Here is how you can reproduce this issue on your machine:

## Reproduction Steps

1. Follow getting started guide on these platforms.
2. Failed download of crypto_prices-USDT_BTC.csv occurs due to any number of reasons
3. Every subsequent run will fail.
...

## What steps have you taken to resolve this already?
I have confirmed that this works as expected on Debian Linux. Confirmed that it failed on these two platforms for both py2 and py3. Other users have confirmed the same behavior on MacOS in Slack #dev
lacabra commented 7 years ago

Adding more information about this issue: the file that holds the benchmark (~/.catalyst/data/USDT_BTC_benchmark.csv) is empty

ScottStevenson commented 7 years ago

Exact same issue here. I believe Zipline (which this is based on) had a similar issue when I tried to use it - due to either Google Finance or Yahoo Finance shutting down an API?

rterbush commented 7 years ago

This issue appears to be caused by failure of previous data handling ops.
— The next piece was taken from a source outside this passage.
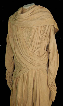 Description: This costume was worn by a monk in the Star Trek: Voyager episode “Sacred Ground”. The flowing robe is made of a tan fabric that wraps around the body and zips up the back. Costume comes complete with costume tag.
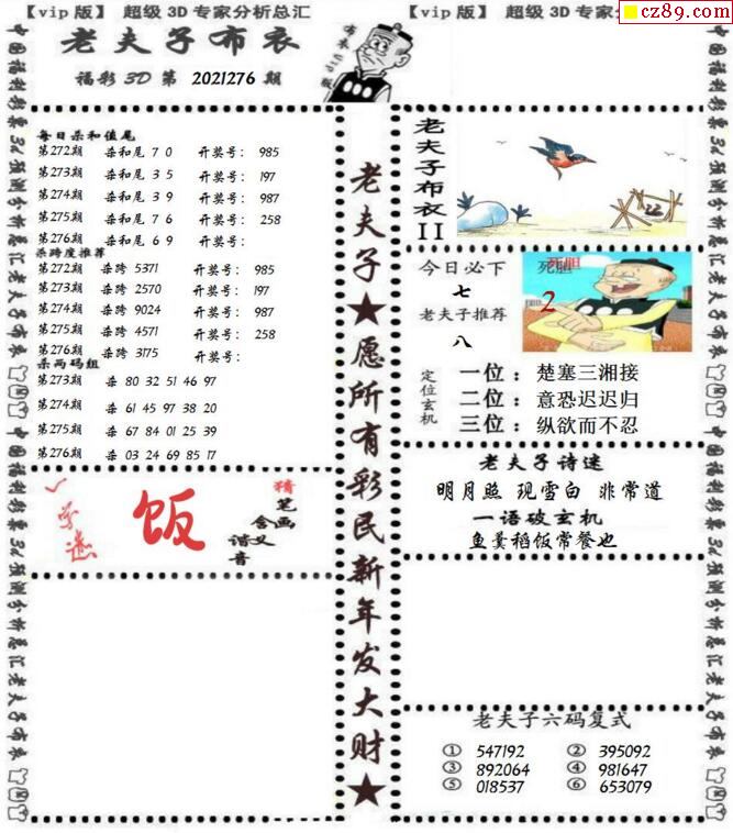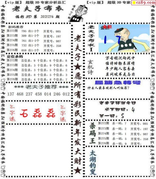 老夫子布衣2021276期3d图谜

It can be worked around with the following procedure.

  1. Must use Python version 2.7.x due to some compatibility issues in file opens in curate/poloniex.py it appears.
  2. rm -rf /var/tmp/catalyst
  3. rm -rf ~/.catalyst
  4. catalyst ingest
  5. catalyst run ...

After chasing this around a bit, it seems that we are only checking for existence of files rather than whether the file has valid content before moving to next step of data curation.

rterbush commented 7 years ago

Changed the title of this issue since I have now recreated it on Linux.

If a catalyst run fails, it may leave an empty file in /var/tmp/catalyst/data/poloniex/crypto_prices-USDT_BTC.csv.

This empty file will prevent any future runs from succeeding. This appears to be because we are not handling an existing empty file error condition.

lacabra commented 7 years ago

Addressed in commit a01bcd538a31058d1c87c146d6137c495ae2da2e, which is part of 0.1.dev7 release: 20a98a32ca8ba60f295b05423e2afb93812e84bc in the master branch.